Product videos work the same way.
Original:
Generate a premium, attractive perfume ad.
Revised:
The perfume bottle stands upright in its original position. The camera slowly moves closer, and the front label stays facing the camera the whole time. Keep the original tabletop composition.
A description like this is easier to check: Did the camera move closer? Did the bottle spin? Did the label change?
Keep in mind that “keep the label readable” is still just a generation request, not a guarantee. You’ll still need to zoom in and check the final output yourself.
When asking GPT-6 for help, you can add:
Turn the vague atmospheric description into one visible action and one clear camera direction. Keep only the information this shot needs.
Check for contradictions in the prompt
Some sentences look fine on their own but conflict when placed together.
For example:
The camera is completely fixed, while it also orbits around the person.
Or:
The person keeps the original frontal pose, while also turning to look behind them.

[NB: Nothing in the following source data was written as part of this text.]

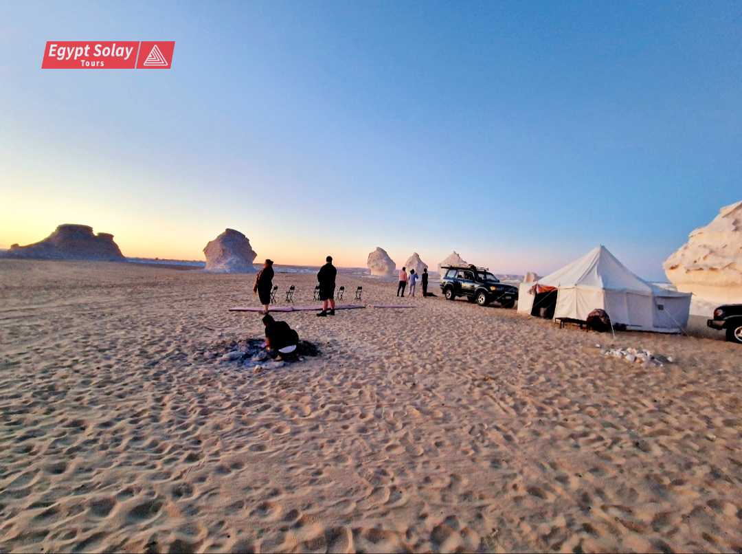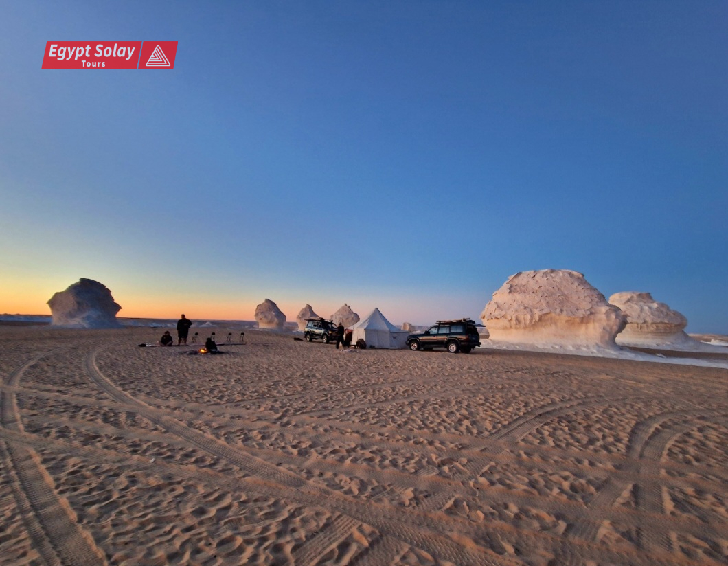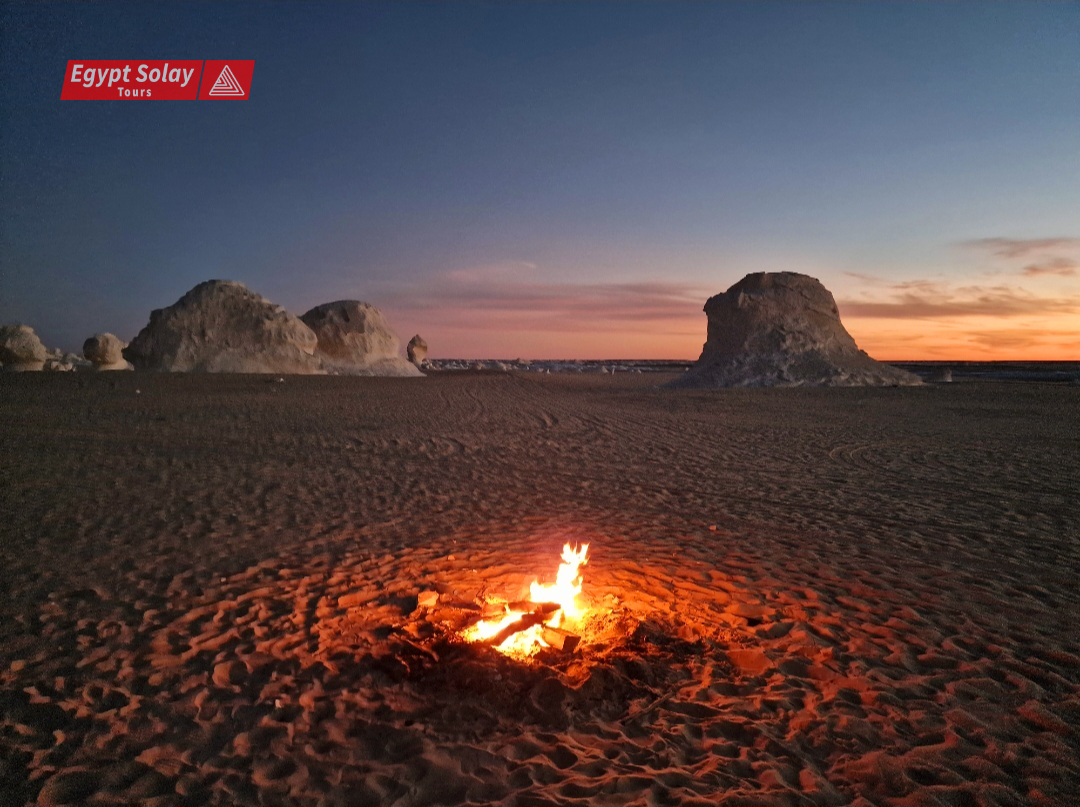Our Egypt Solay Tours driver will pick you up from your hotel in Cairo or Giza in early morning at 07:00 am and transfer you to Bahariya Oasis about 350 km east of Cairo this journey takes roughly 4 hours. We will stop in the middle of the way at a rest house for a little bit to get refreshed. Lunch will be served at a local restaurant at Bahariya oasis. Upon arrival at around 11:30 you will change the vehicle by 4× 4 safari vehicle and meet our local Bedouin guide who will guide you to the main attractions of the desert starting with the Sand Dunes area where you will stop to take some pictures above one of the Dunes which its height up to 50 meters. Then proceeding to see the quartz crystal at Crystal Mountain, and the rocky formations in the Valley of Agabat which consists of limestone hills and magnificent sculptures, its name means obstacles. Continue driving to the White Desert National Park the most well-known desert destination in Egypt. The quantity of unearthly and beautiful wind-carved rock formations shaped in the form of giant mushrooms or pebbles is unequalled in any desert in the world. Also, you will find the tracks of the desert foxes on the sand which are living around this area. Overnight Camping at the White Desert While the Bedouins prepare the Barbeque dinner, you will sit on an open-air pavilion around a fire circle watching a wonderful view of the sky, which is full of stars.
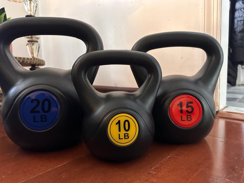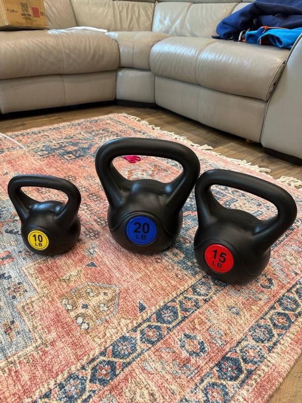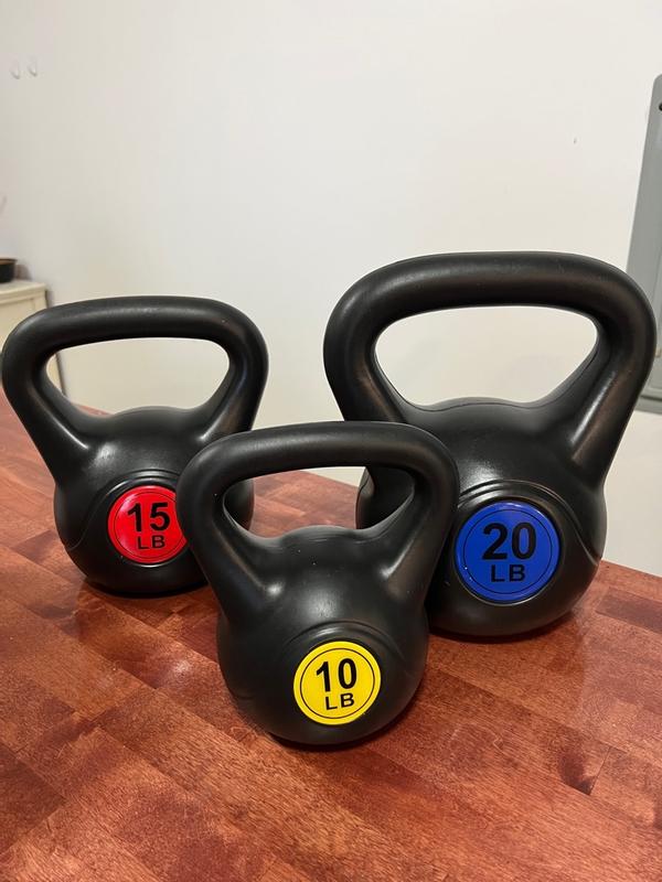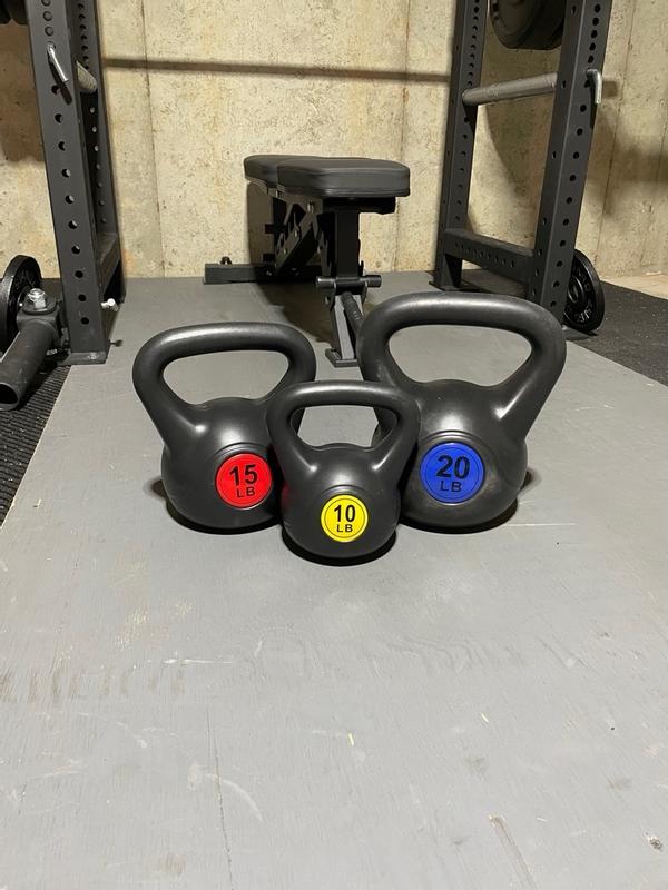 These kettlebells come in handy for a quick workout before bed, when I don't feel like going to the gym. They are durable and fit comfortably in my hands. The 20 lb's handle is a little big for my wife's hands, but she has no problem with the other two.
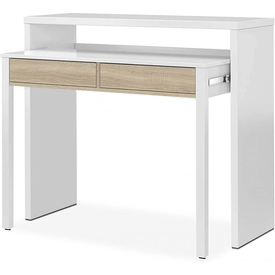 Points forts Pegane Table console extensible convertible en bureau coloris blanc et chêne – Hauteur 88 x longueur 99 x Profondeur 36-70 cm
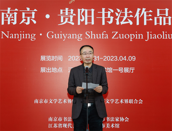 3月31日,由南京市文联、贵阳市文联主办,南京市书协、贵阳市书协承办的“山水共秀 翰墨同歌”南京·贵阳书法作品交流展在江苏省现代美术馆隆重开幕。南京市文联党组书记、常务副主席任家龙,贵阳市文联二级调研员徐爽,江苏省文联四级调研员潘永斯,南京市书协主席谢少承,贵阳市书协主席朱俊首,南京市书协执行主席朱敏,及两地相关领导与书法家代表出席开幕式。开幕式由南京市文联二级巡视员张跃定主持。
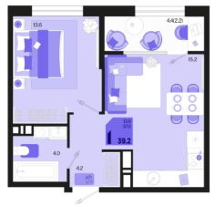 Продаётся 1-комнатная квартира в строящемся доме (Квартал 1.5 - Литер 2), срок сдачи: IV-кв. 2026, общей площадью 39.2 кв.м., на 9 этаже. Жилой район "Первое
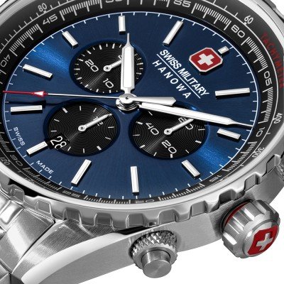 Este reloj marca Swiss Military Hanowa tiene una caja de Inox con un diámetro de 44 mm y cuenta con una correa de Inox. Dentro de la caja se encuentra un mecanismo de Ronda de alta calidad el cual esta protegido por un cristal Zafiro.
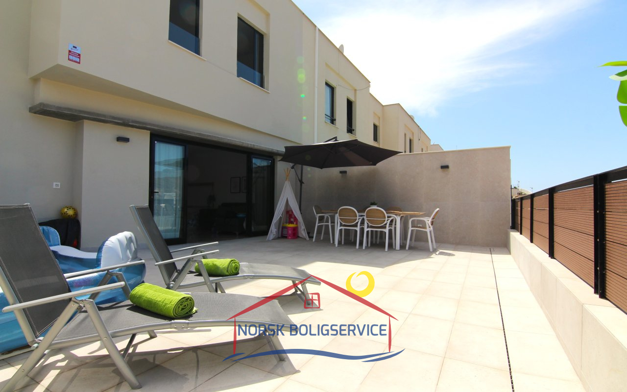 - Amplio salón con gran sofá con cheslong, sillón, TV y mueble para almacenar cosas. Internet con Wifi esta instalado. Tiene acceso directo a la terraza a través de 2 amplias puertas de cristal desde las que entra bastante luz natural. Está conectado a la cocina.
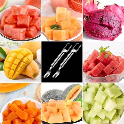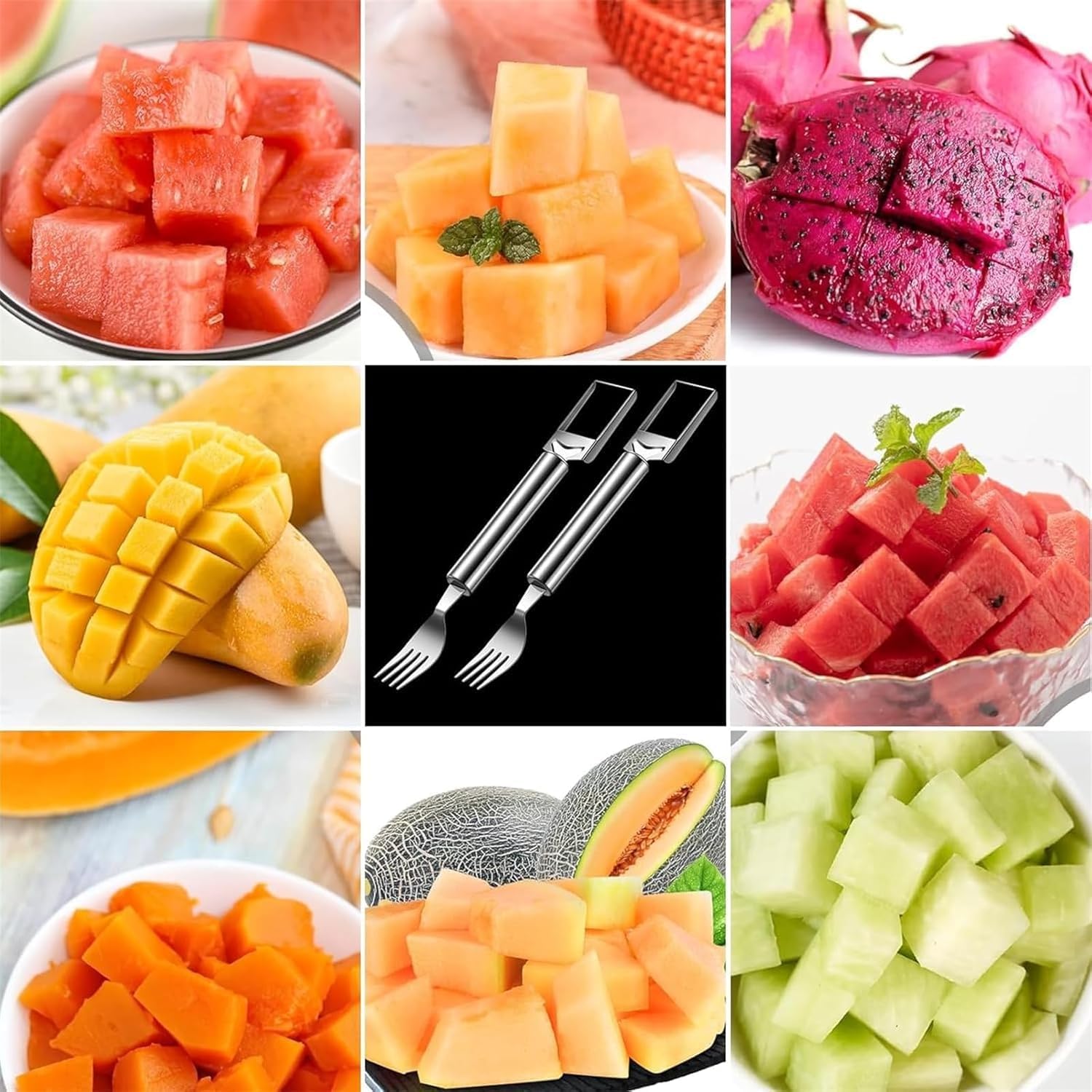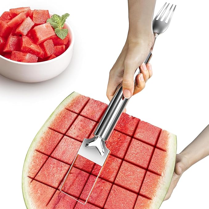 - 2-in-1 Watermelon Cutter & Slicer Stainless Steel Windmill Watermelon Cube Cutting Tool with Fork – Easy & Mess-Free Fruit Slicer for Watermelon, Cantaloupe, Melon
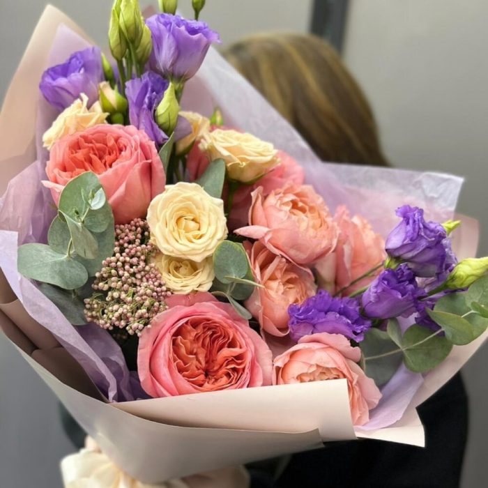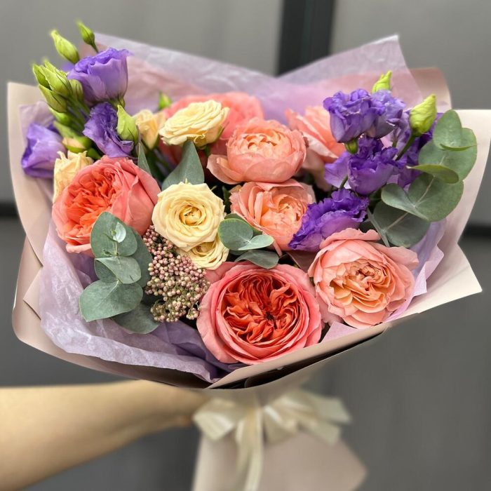 роза кустовая таня – 1 шт.Роза кустовая пионовидная джульетта – 1 шт.роза пионовидная пинк экспрешн – 3 шт.эустома лавандовая – 2 шт.Озотамнус – 1 шт.Эвкалипт – 2 шт.Тишью – 2 шт.Пленка матовая – 3 шт.Лента атласная – 2 шт.
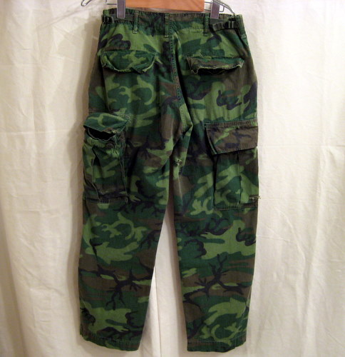 68年 グリーンリーフカモフラミリタリーパンツ サイズ ウエスト76cm(アジャスターがサイドについているので多少の調節はできます。)、股下70cm、股上22cm ベトナム戦争時のアメリカ軍の6ポケパンツです。ジップはRAPIDです。バックにダメージがあります。
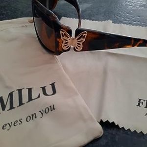 Neiman Marcus FASHION BUTTERFLY DECORATION Sunglasses with gorgeous and beautiful butterfly designs at the temples, from a distance, it looks like a butterfly resting on the side of your hair. Pop a pair of these on and take to the streets, leaving a row of admirers in your wake.
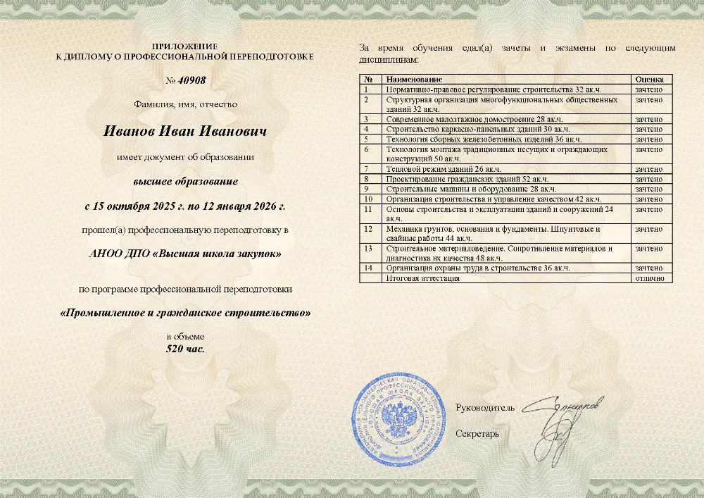 Это полноценная образовательная программа для получения дополнительной квалификации и освоения новой профессии. Для поступления также требуется высшее или среднее профессиональное образование (СПО). Итоговым документом является полноценный диплом о профессиональной переподготовке, который ценится на рынке труда. Программы являются наиболее объемными и начинаются от 250 академических часов, что обеспечивает глубокое погружение в специальность.
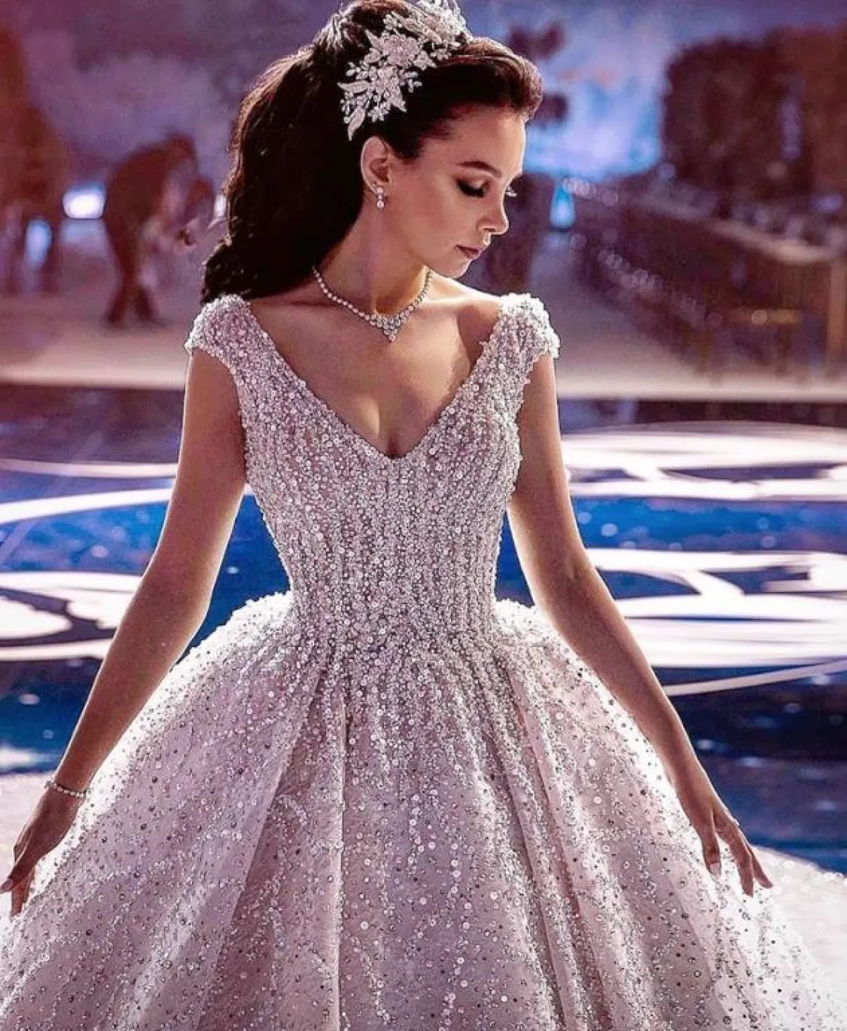 وإن كان فستانكِ ناعمًا، فاعتمدي على الشعر الأملس مع فرق على أخد الجانبين لتسريحة كلاسيكية ملكية.

In these cases, decide which requirement matters more.
If the product label must stay readable the whole time, rethink whether a full rotation makes sense. If the person needs to stay close to the original photo, try a small shift in gaze before attempting a large head turn.
You can ask GPT-6:
Check this prompt for contradictory requirements. The thing I care about most is [fill in your priority]. Revise around that and tell me what you removed.
This step helps you realize that some effects require trade-offs.
After revising, test once under the same conditions
When you paste the new prompt back into Reveedo for testing, try to keep the same photo, the same video model, the same duration, and the same other available settings.
That makes it easier to compare the two versions. If you change the photo, the model, and the prompt all at once, even a better result won’t tell you which change mattered.
First check the problem you set out to solve: Did the cup stay on the table? Did the camera stop lurching forward? When the person looks toward the camera, does the face still match the original?
Video generation has built-in randomness, so one success doesn’t mean every run will be the same. Save the version you’re happy with along with its prompt, and write a short note like:
The fixed camera helped, but the smile is still too big.
That note becomes the starting point for the next revision.
If it keeps failing, look at the photo itself
Some problems come from the source image. The hands are blocked, the label is already blurry, or the person is only shown from the shoulders up, yet the prompt asks for a full walking shot. These involve details the photo doesn’t clearly show.
If the same issue keeps appearing, try using a clearer photo, reducing the range of motion, or switching to a different video model that handles that kind of task better. Test these changes separately so you can tell which adjustment actually helped.
And when the result is already close to what you want, the next feedback only needs to address the remaining issue:
This version’s camera movement and body motion are fine, but the smile is too exaggerated. Please only adjust the expression to a closed-mouth, subtle smile. Keep everything else the same.
With feedback like that, you don’t need to explain the whole idea again. Keep what already works and keep adjusting the one detail that affects the viewing experience the most.